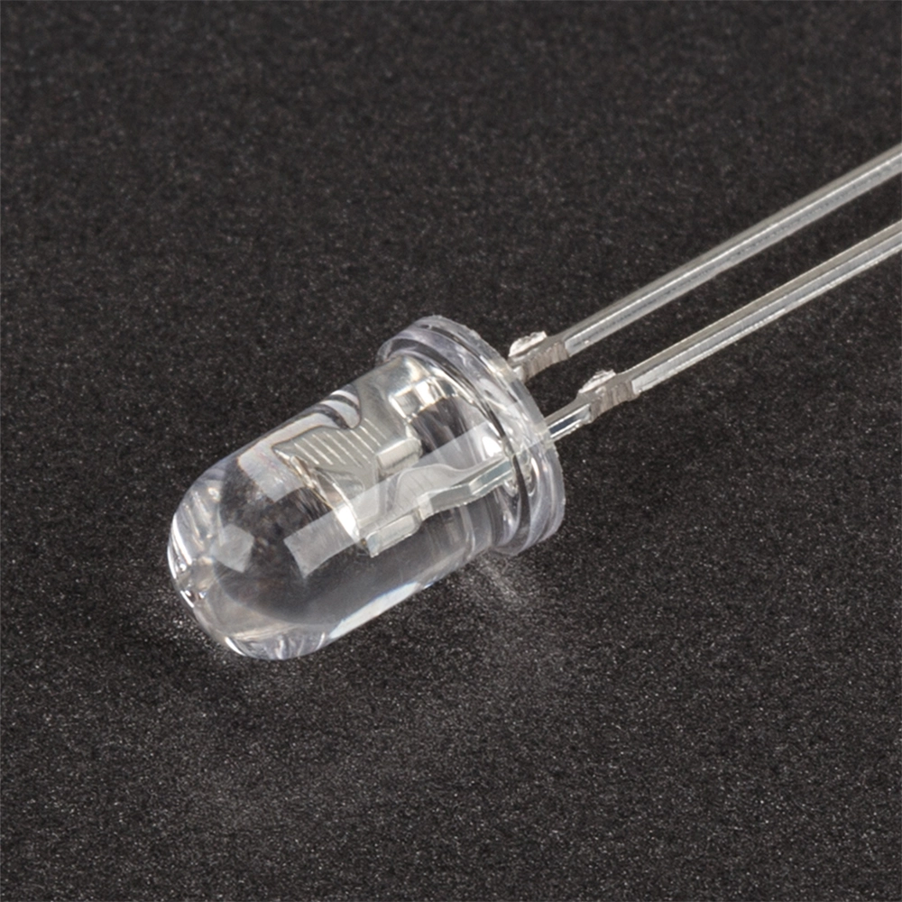 Поставка под заказ от 5000 шт. Выводной круглый светодиод, d=5 мм, прозрачная линза. Цвет свечения синий (460-470 нм). Угол излучения 30-40°. Сила света Iv=1800-2200 мкд при If=20 мА. VF=2.9-3.5 В. Рекомендуемый постоянный рабочий ток <16-17 мА.
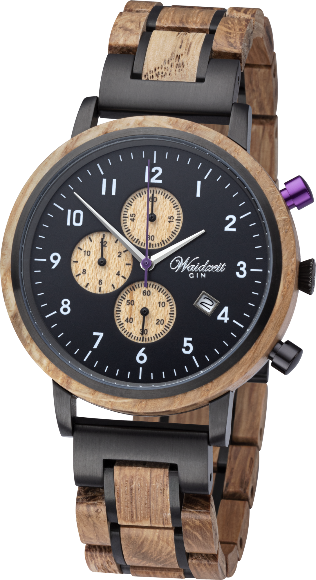 In unseren Regionen hat sich Gin als "IT-Getränk" mit einem unverwechselbaren Aroma längst etabliert und ist aus der Bar-Szene nicht mehr wegzudenken. Aus diesem Grund hat auch Waidzeit Austria den Geschmack des beliebten Wacholdergetränks aufgegriffen. Das Besondere an dem Chronographen namens "Berry" ist die aufwendige Verarbeitung des Wacholderholzes im Ziffernblatt, wodurch er die Seele des Gins in sich trägt. Das Gehäuse und das Armband der Holzuhr sind aus recycelten Barrique Eichenfässern gefertigt und verleihen der Uhr eine einzigartige Optik. Das schwarze Ziffernblatt des Chronographen ist der Wacholderbeere nachempfunden und hat einen Sekundenzeiger sowie eine Krone in der Farbe der Beere. Die Gin Uhr von Waidzeit soll die Zeit für das Besondere betonen und die Werte des Handwerks, der Nachhaltigkeit und des Genusses unterstreichen. Ein Schmuckstück, das nicht nur durch sein Design überzeugt, sondern auch durch seine einzigartigen Materialien und die Liebe zum Detail.
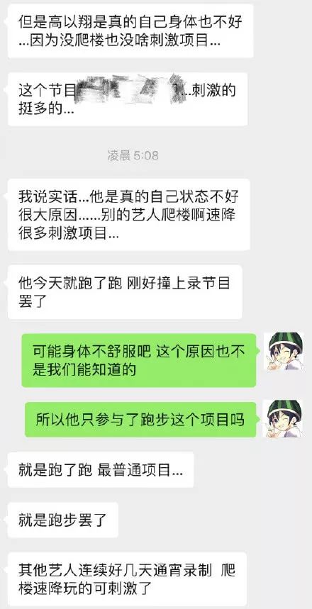 # Z( h8 `) r9 g& X* w f爆料者也称高以翔是“真的身体不好,状态也不好……”而其他艺人还有别的刺激项目,高以翔只是跑了步。/ }8 P5 q# P8 C2 G |
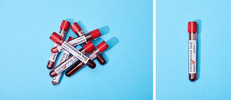 collage of test tubes with blood samples and coronavirus test lettering on blue
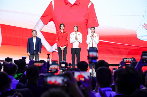 女排世界冠军赵蕊蕊、魏秋月、颜妮亮相发布会现场
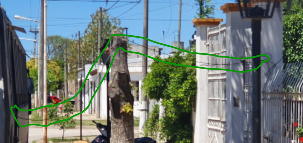 El funcionario también comentó que, ademas, se pueden ver cables de electricidad colgando sobre la vereda que provienen desde el domicilio hacia el rodado.

§ §

How to complete this task:
Each entry should come back exactly as written, with its pictures omitted.

Solution:
 Поставка под заказ от 5000 шт. Выводной круглый светодиод, d=5 мм, прозрачная линза. Цвет свечения синий (460-470 нм). Угол излучения 30-40°. Сила света Iv=1800-2200 мкд при If=20 мА. VF=2.9-3.5 В. Рекомендуемый постоянный рабочий ток <16-17 мА.
 In unseren Regionen hat sich Gin als "IT-Getränk" mit einem unverwechselbaren Aroma längst etabliert und ist aus der Bar-Szene nicht mehr wegzudenken. Aus diesem Grund hat auch Waidzeit Austria den Geschmack des beliebten Wacholdergetränks aufgegriffen. Das Besondere an dem Chronographen namens "Berry" ist die aufwendige Verarbeitung des Wacholderholzes im Ziffernblatt, wodurch er die Seele des Gins in sich trägt. Das Gehäuse und das Armband der Holzuhr sind aus recycelten Barrique Eichenfässern gefertigt und verleihen der Uhr eine einzigartige Optik. Das schwarze Ziffernblatt des Chronographen ist der Wacholderbeere nachempfunden und hat einen Sekundenzeiger sowie eine Krone in der Farbe der Beere. Die Gin Uhr von Waidzeit soll die Zeit für das Besondere betonen und die Werte des Handwerks, der Nachhaltigkeit und des Genusses unterstreichen. Ein Schmuckstück, das nicht nur durch sein Design überzeugt, sondern auch durch seine einzigartigen Materialien und die Liebe zum Detail.
 # Z( h8 `) r9 g& X* w f爆料者也称高以翔是“真的身体不好,状态也不好……”而其他艺人还有别的刺激项目,高以翔只是跑了步。/ }8 P5 q# P8 C2 G |
 collage of test tubes with blood samples and coronavirus test lettering on blue
 女排世界冠军赵蕊蕊、魏秋月、颜妮亮相发布会现场
 El funcionario también comentó que, ademas, se pueden ver cables de electricidad colgando sobre la vereda que provienen desde el domicilio hacia el rodado.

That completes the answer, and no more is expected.